0.25 > 0.125 > 0.0625

However, it is known that all of the graphs go through the point (1, 1). To generalise this, one can say:

n > 1

$x = 1 - \frac{1}{n}$

Hence:

0 < x < 1

$f(x) = \left( 1 - \frac{1}{n} \right) ^{2} = 1 - \frac{2}{n} + \frac{1}{n^{2}}$

$g(x) = \left( 1 - \frac{1}{n} \right) ^{3} = 1 - \frac{3}{n} + \frac{3}{n^{2}} - \frac{1}{n^{3}}$

$h(x) = \left( 1 - \frac{1}{n} \right) ^{4} = 1 - \frac{4}{n} + \frac{6}{n^{2}} - \frac{4}{n^{3}} + \frac{1}{n^{4}}$

Now, define a function:

$k(x) = x^{m}$

As $m \to \infty$ the value of k(x) for 0 < x < 1 , the value of k(x) will become smaller.

It is known that all of these graphs go through (1, 1), and therefore this explains the changing shape. The higher the power of the function, the steeper the rise from a value 0 < x < 1 to the known value (1, 1). This causes a shape more and more like a right-angle to appear with the later powers.

Another observation that can be made in more detail is that the even powers of "x" cause a graph with symmetry about the y-axis, and the odd functions are not symmetrical about the y-axis.

There is a simple explanation:

$- \infty < x < 0$

$m \equiv 0 \pmod {2}$

$k(x) = x^{m}$

Hence:

$k(x) = x \times x \times x \times x \times ... \times x$

As x < 0 , and $m \equiv 0 \pmod {2}$ , it follows that k(x) > 0 .

Therefore, for $x \in \mathbb{R}$ , the graph y = k(x) is above the x-axis (touching at the Origin), and also the graph is symmetrical about the y-axis.

Consider the same values of "x", and the same function, but $m \equiv 1 \pmod {2}$ . This means that k(x) < 0 , and hence the graph of y = k(x) can be below the x-axis, and is not symmetrical about the y-axis.

Graphs of the form $y= ax^{2} + bx + c$

The graphs of the form $y = ax^{2} + bx + c$ are parabolic, and have lines of symmetry that are vertical.

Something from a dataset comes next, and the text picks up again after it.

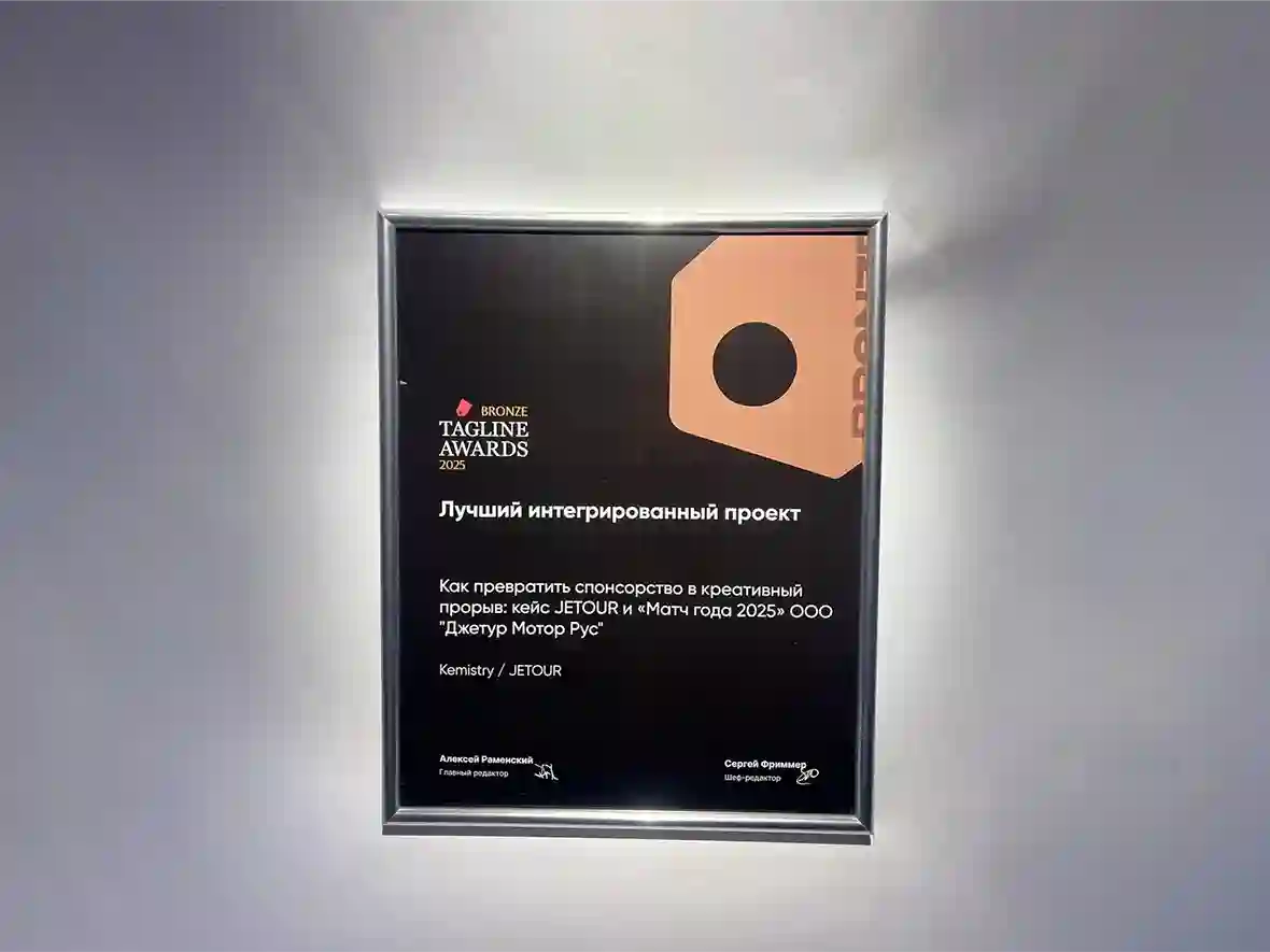 Бренд JETOUR завоевал две бронзовые награды Tagline Awards 2025 – крупнейшей digital-премии Европы. Интеграция JETOUR в проект «Матч года 2025. Все звёзды хоккея» стала победителем в номинациях «Лучший интегрированный проект» и «Digital + офлайн, лучший интегрированный проект» подтвердив эффективность креативного решения, объединяющего офлайн-эмоции и digital-инструменты.

One can observe one example in the graph of $y = x^{2}$ whose line of symmetry is the y-axis (or x = 0 ).

Now one can consider the effects on the graph of changing the values of a, b, and c. Evidently changing c will cause the graph to move in the y-direction. Changing b will cause a move in the x-direction, and the sign of a dictates the orientation of the graph. A curve where a > 0 will curve "upwards", whereas a curve where a < 0 will curve "downwards".

The point of intersection of two graphs

This is much like finding the point of intersection of two lines. One can deduce that if there are two functions which when a value is input, will produce an identical output, these functions are equal. This information can then be used to conclude upon values for which the resultant equation (formed from equating the functions) is satisfied.

Example

1. Find the coordinates of the points at which the line y = x , and the curve $y = x^{2}$ intersect.

One simply has to equate the two:

$x^{2} = x$ ,

and then reduce this to a quadratic equation of the form $ax^{2} + bx + c = 0$ :

$x^{2} - x = 0$

Factorise:

x(x - 1) = 0

Therefore, x = 0, or x = 1.

Hence one can put these values into either of the original functions (both if one wishes to check one's values) to obtain the "y" values, and hence the coordinates.

Thus, the coordinates are: (0, 0), and (1, 1).

If one obtains a single point of intersection, it is proof that the line is a tangent to the curve at the point which one has calculated (this point is called the point of contact of the tangent to the curve).

Using factors to sketch graphs

To solve a quadratic equation, one can factorise it. By quadratic equation one refers (in this case) to an equation of the form $ax^{2} + bx + c = 0$ . This is important as it shows that when one obtains solutions through factorisation, one is obtaining the intercepts on the x-axis of the curve. Consider the previous section, one equates the two expressions of y in terms of x to obtain an equation whose solution is the intercepts of the two equations. In this example, one could think of the intercepts between $y = ax^{2} + bx + c$ , and y = 0 ; equating them gives: $ax^{2} + bx + c = 0$ .

It follows that if one can solve the equation, $ax^{2} + bx + c = 0$ , one knows of the x-axis intercepts (or lack thereof) for the function; these can be used (in conjunction with the sign of a, as mentioned previously, in order to give a sketch graph representation of the function $y = ax^{2} + bx + c$ ).